GFM-RAG: Graph Foundation Model for Retrieval Augmented Generation¶

Conference: NeurIPS 2025 arXiv: 2502.01113 Code: https://github.com/rmanluo/gfm-rag Area: Graph Learning / RAG / Knowledge Graphs Keywords: Graph Foundation Model, RAG, Knowledge Graph, Multi-hop Reasoning, GNN

TL;DR¶

This paper proposes GFM-RAG, the first graph foundation model-driven retrieval-augmented generation framework, which performs single-pass multi-hop reasoning over knowledge graphs via a query-dependent GNN. With only 8M parameters, GFM-RAG achieves zero-shot generalization to unseen datasets and substantially outperforms state-of-the-art methods on multi-hop QA retrieval benchmarks.

Background & Motivation¶

Background: RAG is the dominant paradigm for injecting external knowledge into LLMs. Traditional RAG encodes documents as independent vectors for retrieval, which performs poorly on multi-hop questions requiring cross-document reasoning. GraphRAG methods (e.g., HippoRAG, LightRAG) explicitly model inter-knowledge relationships via graph structures.

Limitations of Prior Work: (a) Traditional vector retrieval fails to capture complex inter-document relationships; (b) multi-step retrieval methods (e.g., IRCoT) improve performance through iterative LLM reasoning but incur prohibitive computational overhead (several seconds per query); (c) existing GraphRAG methods (e.g., HippoRAG using Personalized PageRank) rely heavily on graph structure, which is often noisy and incomplete; (d) existing GNN-based methods require training from scratch for each new dataset, lacking generalizability.

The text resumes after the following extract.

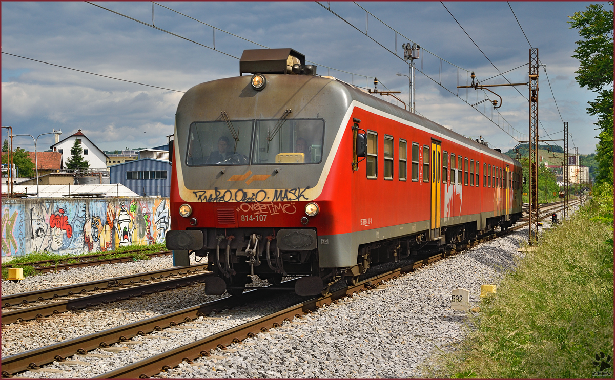 SŽ 814-107 fährt durch Maribor-Tabor Richtung Ormož. /27.5.2015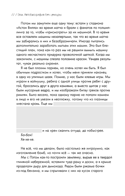 Как Оззи пришла идея начать музыкальную карьеру, как он со школьным другом мастерил самодельные бомбы, как провел два месяца в тюрьме еще до совершеннолетия или как будущий рок-гигант потерял девственность — все эти до колик смешные, грустные и вдохновляющие истории есть в этой книге.

Key Challenge: How can multi-hop reasoning capability be achieved within a single-step retrieval while maintaining cross-dataset generalizability?

Goal: To design a transferable Graph Foundation Model (GFM) that performs multi-hop reasoning retrieval in a single forward pass and generalizes directly to unseen datasets after pretraining.

Key Insight: The multi-hop message passing of a query-dependent GNN is theoretically equivalent to multi-hop logical reasoning on graphs. By mapping queries, entities, and relations into a unified semantic space, the model becomes universally applicable across different graphs.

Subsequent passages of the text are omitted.